Scenes were 30 digitized (1024×768) and luminance-matched photographs of real-world scenes used in a previous experiment (Henderson et al., 2018). Of these, 10 depicted outdoor environments (5 street views), and 20 depicted indoor environments (3 kitchens, 5 living rooms, 2 desk areas, and 10 different room types). People were not present in any scenes.

Another set of 30 digitized images of comparable scenes (similar scene categories and time period, no people depicted) were selected from a Google image search and served as memory foils. Because we did not evaluate attentional guidance for the foils, meaning and salience were not quantified for these scenes, and the images were not luminance-matched.

Digit Sequences.

Digit sequences were selected randomly without replacement from all three digit numbers ranging from 100 to 999 (900 numbers total), then segmented into 30 groups of 30 sequences each such that each digit sequence in the articulatory suppression condition was unique.

Apparatus.

Eye movements were recorded with an SR Research EyeLink 1000+ tower mount eyetracker (spatial resolution 0.01) at a 1000 Hz sampling rate. Subjects sat 83 cm away from a 24.5” monitor such that scenes subtended approximately 26° × 19° visual angle at a resolution of 1024 × 768 pixels, presented in 4:3 aspect ratio. Head movements were minimized using a chin and forehead rest integrated with the eyetracker’s tower mount. Subjects were instructed to lean against the forehead rest to reduce head movement while allowing them to speak during the suppression task. Although viewing was binocular, eye movements were recorded from the right eye. The experiment was controlled using SR Research Experiment Builder software. Data were collected on two systems that were identical except that one subject computer operated using Windows 10, and the other used Windows 7.

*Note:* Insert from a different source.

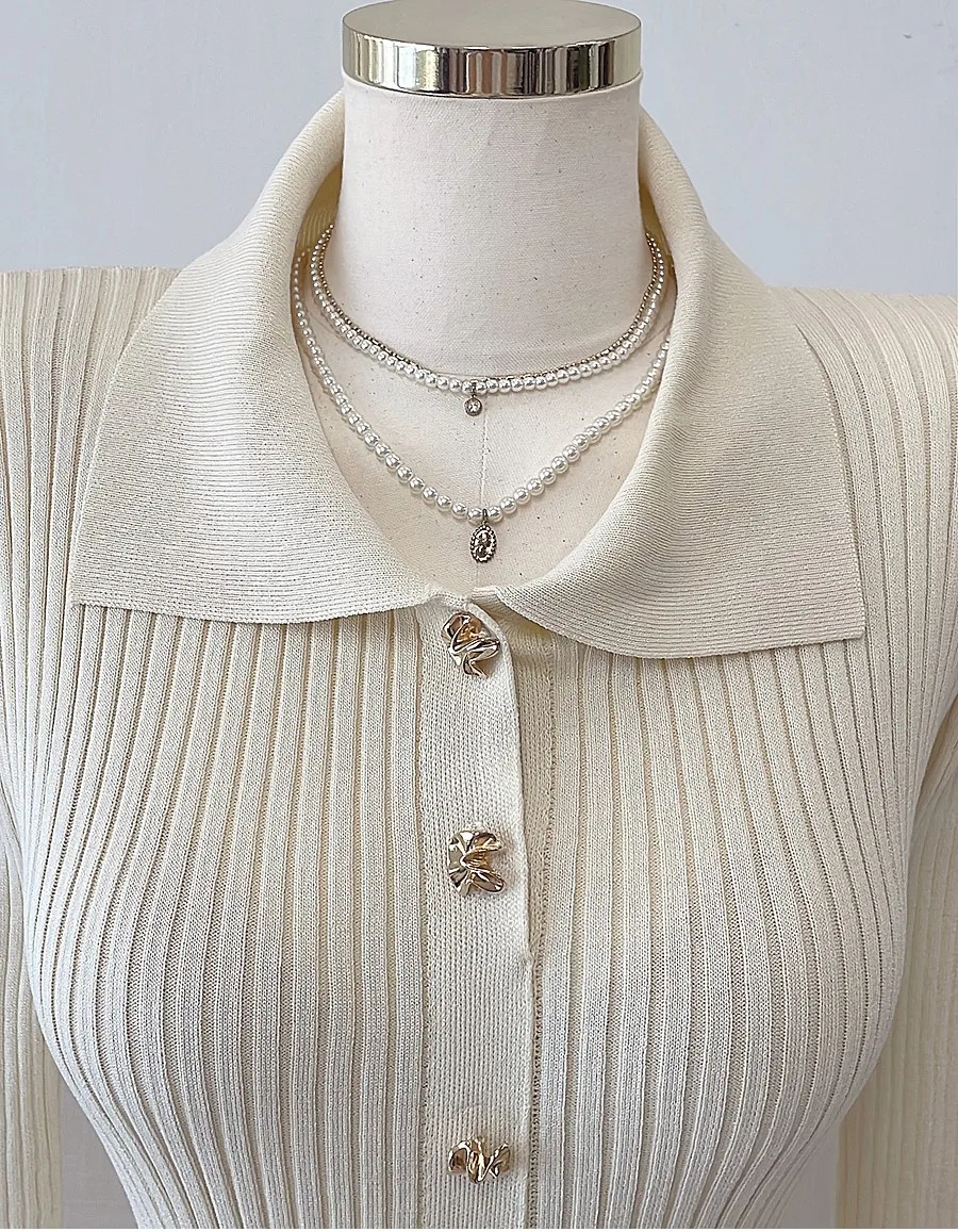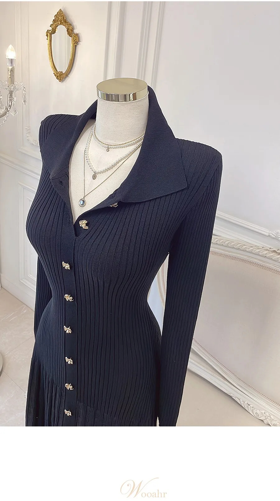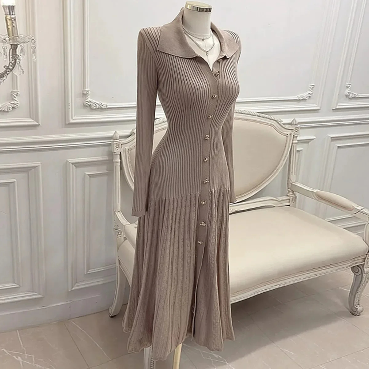 This midi dress features a collared neckline and front button placket, crafted from rib-knit fabric with a pleated skirt for a elegant flow. Long sleeves and a tailored fit flatter the figure, making it suitable for both casual and semi-formal occasions. Pair it with heels or flats for a timeless, chic look.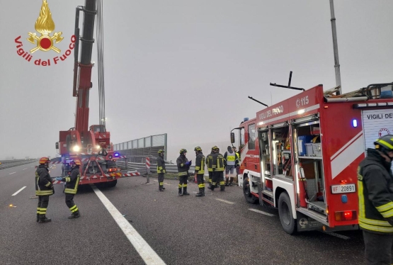 Numerose squadre dei Vigili del Fuoco sono intervenute questa mattina intorno alle 6:30 sull’autostrada A35 Brebemi, in direzione Brescia, a seguito di un grave incidente stradale avvenuto tra i caselli di Calcio e Chiari Ovest. Un mezzo pesante ha colpito un’auto che in quel momento si trovava ferma in una piazzola di sosta, causando la morte del conducente. Ulteriori notizie nei nostri telegiornali delle 12:15 e 18:50

Scene Memorization Procedure.

Subjects were told they would see a series of scenes to study for a later memory test. Subjects in the articulatory suppression condition were told each trial would begin with a sequence of 3 digits, and were instructed to repeat the sequence of digits aloud during the scene viewing period. After the instructions, a calibration procedure was conducted to map eye position to screen coordinates. Successful calibration required an average error of less than 0.49° and a maximum error below 0.99°.

Following successful calibration, there were 3 practice trials to familiarize subjects with the task prior to the experimental trials. In the suppression condition, during these practice trials participants studied three-digit sequences prior to viewing the scene. Practice digit sequences were 3 randomly sampled sequences from the range 1 to 99, in 3-digit format (e.g., “0 3 6” for 36). Subjects pressed any button on a button box to advance throughout the task.

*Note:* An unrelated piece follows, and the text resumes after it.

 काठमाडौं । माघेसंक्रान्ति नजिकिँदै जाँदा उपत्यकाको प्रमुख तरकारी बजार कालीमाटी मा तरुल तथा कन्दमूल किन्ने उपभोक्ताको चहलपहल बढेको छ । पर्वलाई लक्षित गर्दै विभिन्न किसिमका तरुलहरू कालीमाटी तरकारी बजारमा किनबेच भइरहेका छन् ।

Each subject received a unique pseudo-random trial order that prevented two scenes of the same type (e.g., kitchen) from occurring consecutively. A trial proceeded as follows. First, a five-point fixation array was displayed to check calibration (Figure 1a). The subject fixated the center cross and the experimenter pressed a key to begin the trial if the fixation was stable, or reran the calibration procedure if not. Before the scene, subjects in the articulatory suppression condition saw the instruction “Study the sequence of digits shown below. Your task is to repeat these digits over and over out loud for 12 seconds while viewing an image of the scene” along with a sequence of 3 digits separated by spaces (e.g., “8 0 9”), and pressed a button to proceed (Figure 1b). The scene was shown for 12 seconds, during which time eye-movements were recorded (Figure 1c). After 12 seconds elapsed, subjects pressed a button to proceed to the next trial (Figure 1d). The trial procedure repeated until all 30 trials were complete.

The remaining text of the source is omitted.